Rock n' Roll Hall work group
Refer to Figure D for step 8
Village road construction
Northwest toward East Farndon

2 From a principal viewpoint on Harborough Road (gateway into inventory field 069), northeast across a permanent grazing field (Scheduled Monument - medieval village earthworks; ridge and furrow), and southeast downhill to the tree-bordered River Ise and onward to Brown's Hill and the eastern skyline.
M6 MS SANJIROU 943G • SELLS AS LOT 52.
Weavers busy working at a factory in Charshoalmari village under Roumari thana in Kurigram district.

◇ ◇ ◇ ◇ ◇ ◇ ◇

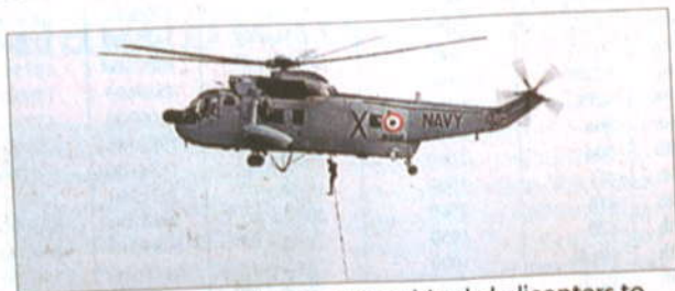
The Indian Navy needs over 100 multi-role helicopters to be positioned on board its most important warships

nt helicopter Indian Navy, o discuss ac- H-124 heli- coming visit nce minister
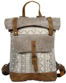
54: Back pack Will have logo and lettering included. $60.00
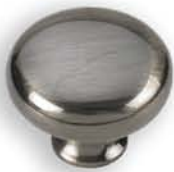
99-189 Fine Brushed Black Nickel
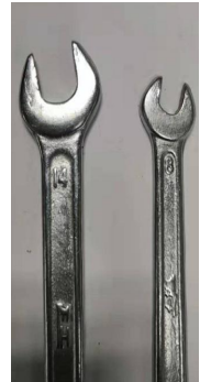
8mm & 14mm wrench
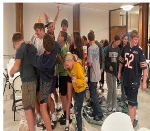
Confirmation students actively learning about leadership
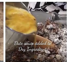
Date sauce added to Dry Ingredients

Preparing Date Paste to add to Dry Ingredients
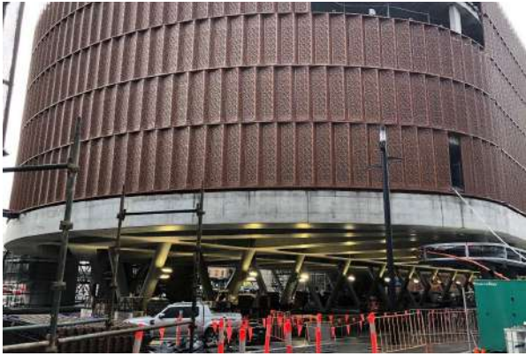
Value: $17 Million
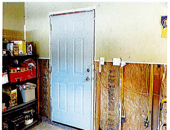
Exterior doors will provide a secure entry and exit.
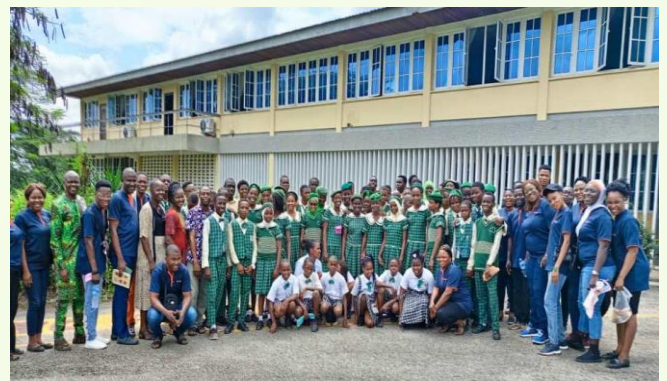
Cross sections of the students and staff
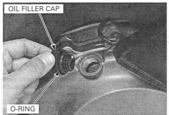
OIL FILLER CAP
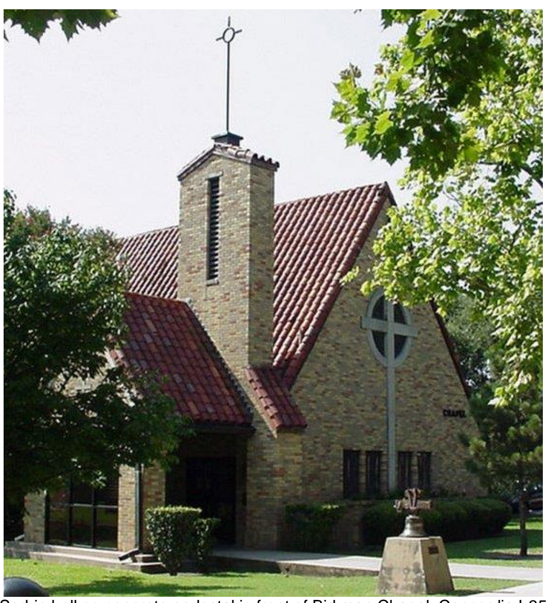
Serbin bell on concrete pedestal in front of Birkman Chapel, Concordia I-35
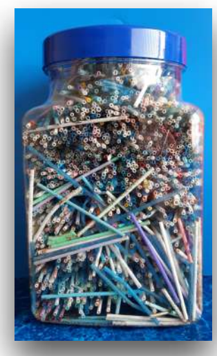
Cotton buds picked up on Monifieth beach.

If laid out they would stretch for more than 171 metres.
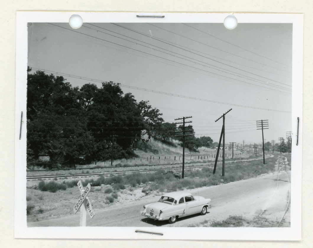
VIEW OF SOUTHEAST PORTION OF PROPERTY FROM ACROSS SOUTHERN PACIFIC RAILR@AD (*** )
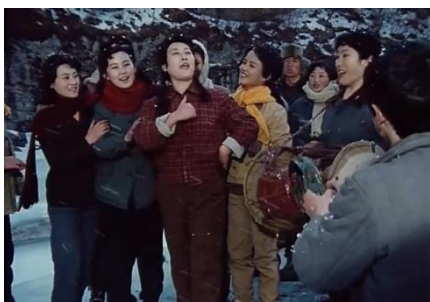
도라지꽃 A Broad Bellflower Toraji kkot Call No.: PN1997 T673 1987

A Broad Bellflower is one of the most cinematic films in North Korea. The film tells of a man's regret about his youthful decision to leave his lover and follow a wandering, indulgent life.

◇ ◇ ◇ ◇ ◇ ◇ ◇

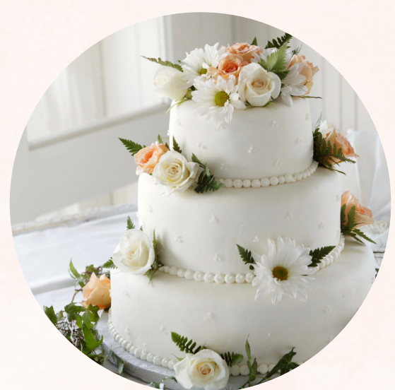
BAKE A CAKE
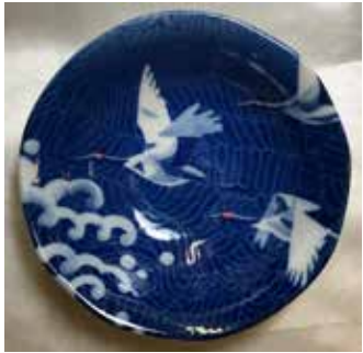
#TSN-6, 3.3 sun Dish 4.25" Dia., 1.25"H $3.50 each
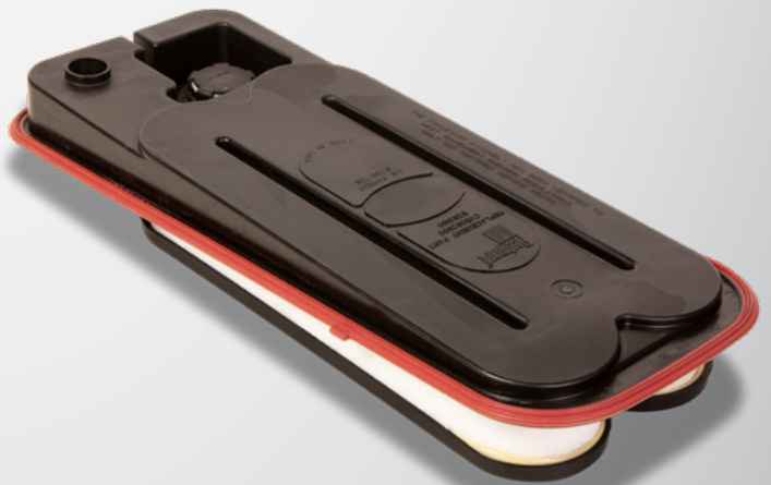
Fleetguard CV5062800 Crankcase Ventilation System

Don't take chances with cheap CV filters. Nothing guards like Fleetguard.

◇ ◇ ◇ ◇ ◇ ◇ ◇

* [TASK DETAILS]:
Keep to the stretch from the line containing "BAKE A CAKE" through the line containing "Don't take chances", both ends included, and copy it exactly from the listing above, minus the pictures.

* [EXERCISE SOLUTION]:
BAKE A CAKE
#TSN-6, 3.3 sun Dish 4.25" Dia., 1.25"H $3.50 each
Fleetguard CV5062800 Crankcase Ventilation System

Don't take chances with cheap CV filters. Nothing guards like Fleetguard.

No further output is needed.